Dual-chamber defibrillator and atrioventricular dissociation - Cobalt DR

Patient

Male implanted with a dual-chamber defibrillator (Cobalt DR) for hypertrophic cardiomyopathy.


Trace

1- What was the diagnosis made by the defibrillator for this episode?
This episode has been classified FVT by the device.

2- How many detection zones are programmed?
Three detection zones have been programmed.

3- What diagnosis does the interval plot suggest?
The graph suggests a diagnosis of VT with atrioventricular dissociation (ventricular rhythm faster than the atrial rhythm); the burst allows reduction.

4- How many discrimination parameters are programmed?
The discrimination parameters (PR Logic and Wavelet) are programmed with a SVT V.limit of 260 ms.

5- What is your diagnosis?
The diagnosis of VT is obvious with atrioventricular dissociation.

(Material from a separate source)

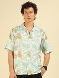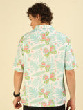 White Floral Print Oversized Fit Shirt

6-What are the results of Wavelet?
Wavelet supports the diagnosis of VT, with none of the QRS complexes analysed judged to be similar to the reference template.

 

Take home message

  • A double or triple-chamber defibrillator can be used to compare the atrial and ventricular rates; for both the clinician and defibrillator, the presence of a ventricular rate faster than the atrial rate confirms the ventricular origin of the tachycardia.
  • In a dual or triple chamber defibrillator, the PR Logic algorithm is used to discriminate the origin of the tachycardia and differentiate between ventricular and supra-ventricular tachycardias by studying the relationship between atrial and ventricular activity and comparing the 2 respective rates.
  • Discrimination by PR Logic only applies during the initial detection phase and not during the re-detection phase; PR Logic only works for heart rates below the programmed limit of supra-ventricular tachycardia and can therefore be active in the VF zone depending on programming.
  • PR Logic gives its diagnosis once the initial VT or VF counter has been filled.
  • PR Logic discrimination is based on the continuous and simultaneous assessment of 6 criteria, which can sometimes make it difficult to explain in detail how it works.
  • In this example, the diagnosis of VT is obvious to the doctor because of atrioventricular dissociation, which is most frequently the case; in fact, during an episode of VT, the demonstration of a ventricular rate faster than the atrial rate is much more common than the observation of a 1/1 ratio (retrograde conduction) or a bi-tachycardia.
  • Diagnosis is also straightforward with PR Logic; one of the essential steps in diagnosis using PR Logic is a comparison between ventricular  and atrial rates (measurement of the median value of RR intervals and PP intervals over the last 12 cycles); when the ventricular rate is judged to be faster than the atrial rate, the device concludes that VT has occurred without further analysis.